3.1.2 Word category sampling

Letting the subscript $n$ denotes the word position, for each word token $w_{d,n}$ in document $d$ , the posterior probability of being a background word is:

$\displaystyle p(x_{d,n}=0|{\bm{x}_{d,-n}},{\bm{w}_{bg}},\Lambda)\propto\frac{n% _{d,bg}+\zeta_{bg}-1}{\sum_{y=1}^{2}(n_{d,y}+\zeta_{y})-1}\cdot\frac{n_{bg,w_{% d,n}}+\gamma_{bg,w_{d,n}}-1}{\sum_{w=1}^{W}(n_{bg,w}+\gamma_{bg,w})-1}$ (6)

where $n_{d,bg}$ denotes the number of background words in document $d$ and $n_{bg,w_{d,n}}$ denotes the number of times word $w_{d,n}$ is assigned to the background word category.

The posterior probability of the word token $w_{d,n}$ being a storyline word is:

$\displaystyle p(x_{d,n}=1|{\bm{x}_{d,-n}},{\bm{w}_{j}},\Lambda)\propto\frac{n_% {d,j}+\zeta_{j}-1}{\sum_{y=1}^{2}(n_{d,y}+\zeta_{y})-1}\cdot\frac{n_{j,w_{d,n}% }+\gamma_{j,w_{d,n}}-1}{\sum_{w=1}^{W}(n_{j,w}+\gamma_{j,w})-1}$ (7)
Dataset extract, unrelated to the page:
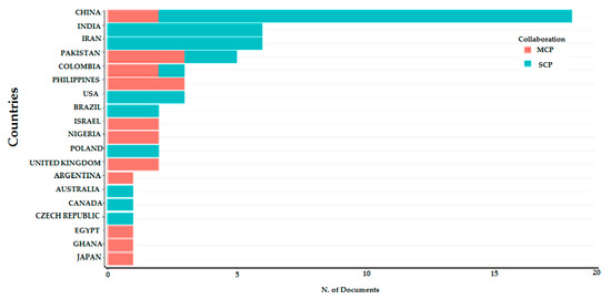 The countries of the corresponding authors and collaboration rate within the country (SCP) and between countries (MCP) are shown in Figure 6. China has a percentage of collaboration between countries of 11.11%, Pakistan has a collaboration percentage of 40%, and Colombia has a collaboration percentage of 66.67%. On the other hand, the other countries only have publications with authors from their respective countries (Figure 6).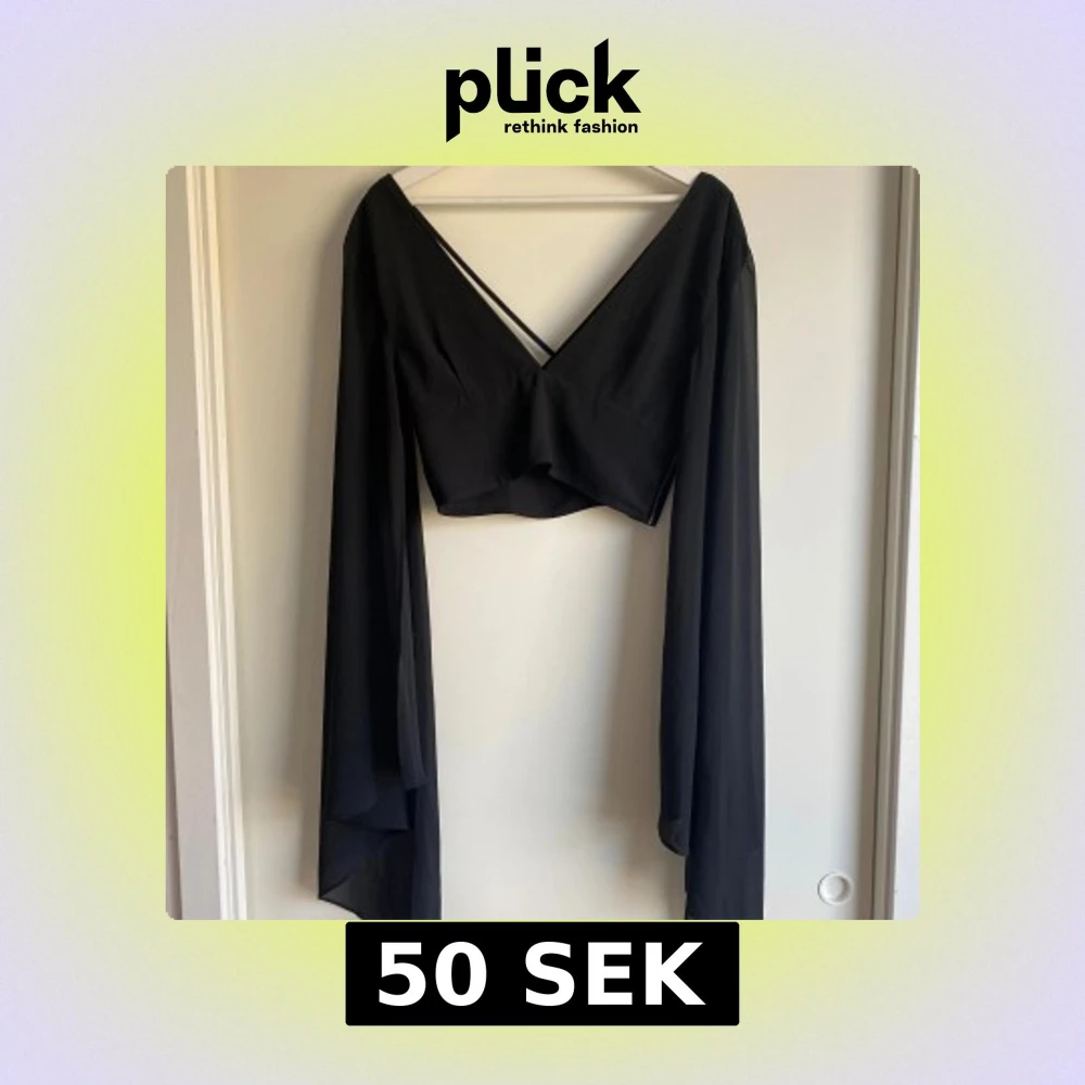 Säljer en svart croppad omlottopp med långa, vida ärmar och djup v-ringning både fram och bak. Toppen har tunna korsade band i ryggen som ger en snygg detalj. Perfekt för dig som gillar en edgy och trendig stil. Har använts på många festivaler och slår aldrig fel! Har fått en liten defekt som syns på bild, men annars i fint skick!

where $n_{d,j}$ denotes the number of words in document $d$ assigned to the storyline $j$ and $n_{j,w_{d,n}}$ denotes the number of times word token $w_{d,n}$ is assigned to the storyline $j$ .

3.1.3 Evolutionary parameter estimation

During sampling, at each iteration, the weight parameters $\bm{\mu}_{t}^{(\pi)}$ , $\bm{\mu}_{t}^{(\phi)}$ , $\bm{\mu}_{t}^{(\psi)}$ , $\bm{\mu}_{t}^{(\omega)}$ , $\bm{\mu}_{t}^{(\varphi)}$ can be estimated by maximizing the joint distribution $p(\mathbf{d}_{t},s_{t,d}|\{\bm{\pi},\bm{\phi},\bm{\psi},\bm{\omega},\bm{% \varphi}\}_{t-m},\{\bm{\mu}^{(\pi,\phi,\psi,\omega,\varphi)}\}_{t,m},\Lambda)$ . We apply fixed point iteration method [17] to get the optimal weights at $t$ . The update formula of $\bm{\mu}_{t}^{(\pi)}$ is as follows:

$\displaystyle(\mu_{t,j,m})^{\text{new}}\leftarrow\mu_{t,j,m}\times\frac{A_{t,j% }-B_{t,j}}{C_{t,j}-D_{t,j}},$ (8)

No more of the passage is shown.